* **TASK DETAILS**
In the entries below, find the line with "除了机身高度略厚(主要是因为" and the line with "Kök yakut, rodolit"; reproduce those two lines and all lines between them exactly, without pictures.

* **PROVIDED MATERIAL**
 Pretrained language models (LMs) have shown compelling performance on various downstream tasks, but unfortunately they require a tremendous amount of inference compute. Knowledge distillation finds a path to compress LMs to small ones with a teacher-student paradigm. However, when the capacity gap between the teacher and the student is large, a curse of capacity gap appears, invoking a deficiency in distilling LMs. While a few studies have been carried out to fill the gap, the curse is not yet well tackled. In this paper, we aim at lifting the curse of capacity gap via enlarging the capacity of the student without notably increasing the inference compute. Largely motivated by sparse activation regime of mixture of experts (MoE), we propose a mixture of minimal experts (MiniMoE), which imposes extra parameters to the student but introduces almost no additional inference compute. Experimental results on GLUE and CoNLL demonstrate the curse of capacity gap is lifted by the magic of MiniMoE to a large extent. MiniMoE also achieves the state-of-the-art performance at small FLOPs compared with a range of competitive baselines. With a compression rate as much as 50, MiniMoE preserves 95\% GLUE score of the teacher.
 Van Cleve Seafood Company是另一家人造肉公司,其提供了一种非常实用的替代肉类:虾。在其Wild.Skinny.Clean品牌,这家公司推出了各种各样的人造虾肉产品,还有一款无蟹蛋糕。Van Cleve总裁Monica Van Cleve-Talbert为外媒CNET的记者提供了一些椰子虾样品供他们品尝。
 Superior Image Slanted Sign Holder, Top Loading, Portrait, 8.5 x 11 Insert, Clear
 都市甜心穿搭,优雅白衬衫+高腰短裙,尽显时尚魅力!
---
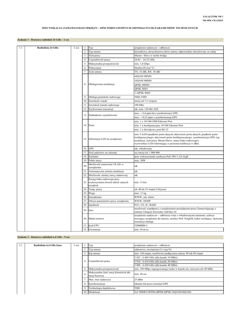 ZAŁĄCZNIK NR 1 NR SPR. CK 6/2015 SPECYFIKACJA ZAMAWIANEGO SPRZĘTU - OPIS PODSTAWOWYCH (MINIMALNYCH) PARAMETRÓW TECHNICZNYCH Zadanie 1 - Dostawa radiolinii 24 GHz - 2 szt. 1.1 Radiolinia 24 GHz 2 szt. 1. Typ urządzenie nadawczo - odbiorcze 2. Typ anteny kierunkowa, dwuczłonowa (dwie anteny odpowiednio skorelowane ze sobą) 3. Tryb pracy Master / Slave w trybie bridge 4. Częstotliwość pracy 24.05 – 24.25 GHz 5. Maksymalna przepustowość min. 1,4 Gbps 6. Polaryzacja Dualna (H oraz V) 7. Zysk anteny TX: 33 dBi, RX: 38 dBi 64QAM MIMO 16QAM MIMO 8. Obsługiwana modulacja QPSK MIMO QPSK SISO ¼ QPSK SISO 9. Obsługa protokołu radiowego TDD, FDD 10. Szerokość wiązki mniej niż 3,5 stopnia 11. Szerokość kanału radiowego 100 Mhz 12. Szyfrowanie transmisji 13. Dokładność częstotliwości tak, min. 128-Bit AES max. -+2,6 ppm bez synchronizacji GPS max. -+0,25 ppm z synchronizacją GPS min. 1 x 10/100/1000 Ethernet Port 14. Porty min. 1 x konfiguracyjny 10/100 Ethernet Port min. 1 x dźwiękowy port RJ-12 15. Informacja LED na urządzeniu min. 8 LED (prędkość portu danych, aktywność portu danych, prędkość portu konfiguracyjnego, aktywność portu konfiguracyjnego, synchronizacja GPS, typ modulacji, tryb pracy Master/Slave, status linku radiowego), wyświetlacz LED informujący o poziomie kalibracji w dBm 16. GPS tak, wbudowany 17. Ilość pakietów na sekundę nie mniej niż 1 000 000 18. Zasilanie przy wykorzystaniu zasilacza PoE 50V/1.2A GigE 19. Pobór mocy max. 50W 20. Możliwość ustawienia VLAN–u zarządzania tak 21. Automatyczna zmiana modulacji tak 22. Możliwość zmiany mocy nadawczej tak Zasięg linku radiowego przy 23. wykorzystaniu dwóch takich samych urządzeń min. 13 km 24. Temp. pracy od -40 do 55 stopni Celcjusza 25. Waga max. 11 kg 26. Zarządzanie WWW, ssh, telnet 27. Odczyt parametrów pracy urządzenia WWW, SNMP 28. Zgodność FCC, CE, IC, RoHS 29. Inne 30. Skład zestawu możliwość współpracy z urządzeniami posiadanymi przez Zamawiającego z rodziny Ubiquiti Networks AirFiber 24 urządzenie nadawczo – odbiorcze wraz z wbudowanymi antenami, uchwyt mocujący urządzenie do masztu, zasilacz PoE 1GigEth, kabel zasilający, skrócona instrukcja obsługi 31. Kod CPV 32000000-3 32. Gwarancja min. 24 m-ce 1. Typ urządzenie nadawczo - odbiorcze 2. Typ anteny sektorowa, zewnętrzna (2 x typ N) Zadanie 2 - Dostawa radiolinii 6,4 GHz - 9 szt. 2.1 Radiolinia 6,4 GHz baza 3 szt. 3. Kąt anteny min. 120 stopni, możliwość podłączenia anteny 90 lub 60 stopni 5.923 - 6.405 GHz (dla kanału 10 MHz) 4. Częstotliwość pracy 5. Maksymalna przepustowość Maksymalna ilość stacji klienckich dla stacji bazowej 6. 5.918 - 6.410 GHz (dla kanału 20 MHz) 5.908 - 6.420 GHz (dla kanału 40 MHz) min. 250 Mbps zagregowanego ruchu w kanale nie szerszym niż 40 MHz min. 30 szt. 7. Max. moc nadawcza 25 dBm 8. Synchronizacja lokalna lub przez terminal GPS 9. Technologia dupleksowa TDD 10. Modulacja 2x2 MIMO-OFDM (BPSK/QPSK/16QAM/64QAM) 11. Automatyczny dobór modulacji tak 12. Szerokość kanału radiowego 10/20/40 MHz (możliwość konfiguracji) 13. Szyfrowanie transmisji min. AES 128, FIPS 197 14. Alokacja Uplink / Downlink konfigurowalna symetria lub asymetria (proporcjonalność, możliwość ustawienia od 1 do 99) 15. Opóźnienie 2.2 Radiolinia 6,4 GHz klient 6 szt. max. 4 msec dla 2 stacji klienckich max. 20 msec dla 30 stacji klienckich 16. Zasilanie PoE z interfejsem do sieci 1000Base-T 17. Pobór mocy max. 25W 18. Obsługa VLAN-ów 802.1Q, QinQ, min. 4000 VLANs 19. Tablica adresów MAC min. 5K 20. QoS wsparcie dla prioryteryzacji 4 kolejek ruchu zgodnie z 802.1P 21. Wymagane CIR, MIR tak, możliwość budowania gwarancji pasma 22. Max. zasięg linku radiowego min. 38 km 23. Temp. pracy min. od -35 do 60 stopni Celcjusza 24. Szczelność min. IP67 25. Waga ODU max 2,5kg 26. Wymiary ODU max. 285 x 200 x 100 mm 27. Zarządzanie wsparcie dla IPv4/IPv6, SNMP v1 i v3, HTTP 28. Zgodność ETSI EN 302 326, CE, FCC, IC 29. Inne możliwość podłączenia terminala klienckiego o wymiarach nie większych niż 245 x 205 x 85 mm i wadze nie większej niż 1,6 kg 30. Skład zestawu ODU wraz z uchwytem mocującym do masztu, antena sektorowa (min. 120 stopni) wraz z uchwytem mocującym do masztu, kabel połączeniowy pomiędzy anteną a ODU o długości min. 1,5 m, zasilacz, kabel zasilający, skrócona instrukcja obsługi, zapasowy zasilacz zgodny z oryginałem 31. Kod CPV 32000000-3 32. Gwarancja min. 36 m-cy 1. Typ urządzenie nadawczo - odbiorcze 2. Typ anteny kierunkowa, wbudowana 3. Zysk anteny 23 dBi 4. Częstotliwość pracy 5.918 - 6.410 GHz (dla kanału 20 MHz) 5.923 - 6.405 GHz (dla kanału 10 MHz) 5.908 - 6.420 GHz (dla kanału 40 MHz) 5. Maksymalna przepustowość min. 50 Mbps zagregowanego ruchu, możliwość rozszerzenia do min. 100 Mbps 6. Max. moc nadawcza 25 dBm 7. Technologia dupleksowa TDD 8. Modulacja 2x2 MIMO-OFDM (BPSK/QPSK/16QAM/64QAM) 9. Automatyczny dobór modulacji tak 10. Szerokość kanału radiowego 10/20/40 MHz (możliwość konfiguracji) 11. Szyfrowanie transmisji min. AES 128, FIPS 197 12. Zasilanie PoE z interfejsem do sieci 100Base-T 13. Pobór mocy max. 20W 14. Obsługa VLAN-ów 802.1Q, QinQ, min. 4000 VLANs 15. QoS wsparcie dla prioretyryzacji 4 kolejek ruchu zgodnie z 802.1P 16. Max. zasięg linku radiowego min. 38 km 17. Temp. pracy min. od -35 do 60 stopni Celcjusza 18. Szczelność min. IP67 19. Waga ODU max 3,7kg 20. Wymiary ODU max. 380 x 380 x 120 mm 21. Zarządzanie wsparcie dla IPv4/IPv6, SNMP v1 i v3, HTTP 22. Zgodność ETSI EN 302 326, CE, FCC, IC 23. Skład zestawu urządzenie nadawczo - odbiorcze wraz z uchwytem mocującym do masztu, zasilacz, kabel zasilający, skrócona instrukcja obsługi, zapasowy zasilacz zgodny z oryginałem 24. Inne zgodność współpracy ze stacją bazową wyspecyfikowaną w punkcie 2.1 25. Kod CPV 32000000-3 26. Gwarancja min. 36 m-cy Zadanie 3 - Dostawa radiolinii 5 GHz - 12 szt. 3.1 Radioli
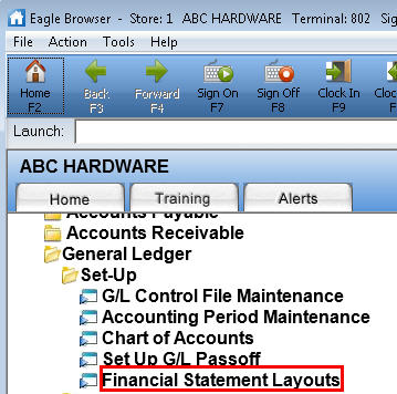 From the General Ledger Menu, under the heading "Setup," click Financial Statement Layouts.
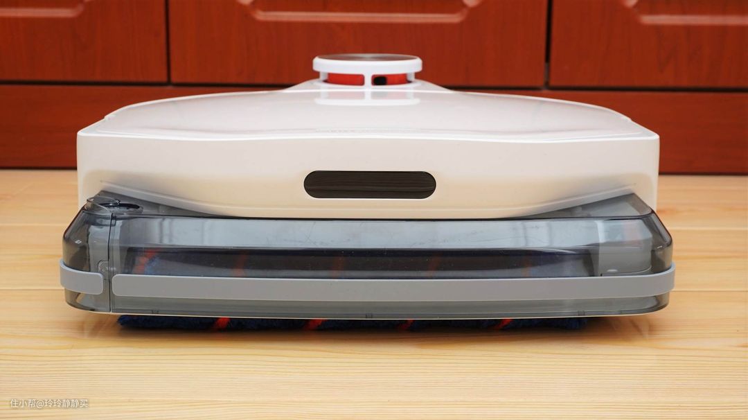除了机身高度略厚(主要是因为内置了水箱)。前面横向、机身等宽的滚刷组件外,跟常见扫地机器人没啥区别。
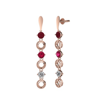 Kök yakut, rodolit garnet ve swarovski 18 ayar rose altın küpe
--
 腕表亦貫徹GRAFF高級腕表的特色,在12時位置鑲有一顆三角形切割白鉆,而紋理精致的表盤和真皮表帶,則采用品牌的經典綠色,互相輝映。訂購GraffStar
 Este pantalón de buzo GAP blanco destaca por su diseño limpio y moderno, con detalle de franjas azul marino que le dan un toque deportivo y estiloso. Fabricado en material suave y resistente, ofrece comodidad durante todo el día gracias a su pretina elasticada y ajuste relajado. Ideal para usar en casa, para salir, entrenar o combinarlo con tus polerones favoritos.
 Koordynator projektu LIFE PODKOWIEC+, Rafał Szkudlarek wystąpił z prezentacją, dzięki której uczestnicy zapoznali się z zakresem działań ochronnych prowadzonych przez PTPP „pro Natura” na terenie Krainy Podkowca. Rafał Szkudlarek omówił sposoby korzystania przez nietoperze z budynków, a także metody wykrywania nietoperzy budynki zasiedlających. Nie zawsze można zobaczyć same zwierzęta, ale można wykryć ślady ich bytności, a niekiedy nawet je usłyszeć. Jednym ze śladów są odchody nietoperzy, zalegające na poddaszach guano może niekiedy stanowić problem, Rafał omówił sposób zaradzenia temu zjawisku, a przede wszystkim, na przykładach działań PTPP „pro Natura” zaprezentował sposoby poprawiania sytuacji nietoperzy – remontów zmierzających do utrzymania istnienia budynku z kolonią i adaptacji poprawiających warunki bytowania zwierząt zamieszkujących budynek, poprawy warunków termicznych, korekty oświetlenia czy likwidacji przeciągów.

* **RESPONSE TO THE TASK**
除了机身高度略厚(主要是因为内置了水箱)。前面横向、机身等宽的滚刷组件外,跟常见扫地机器人没啥区别。
 Kök yakut, rodolit garnet ve swarovski 18 ayar rose altın küpe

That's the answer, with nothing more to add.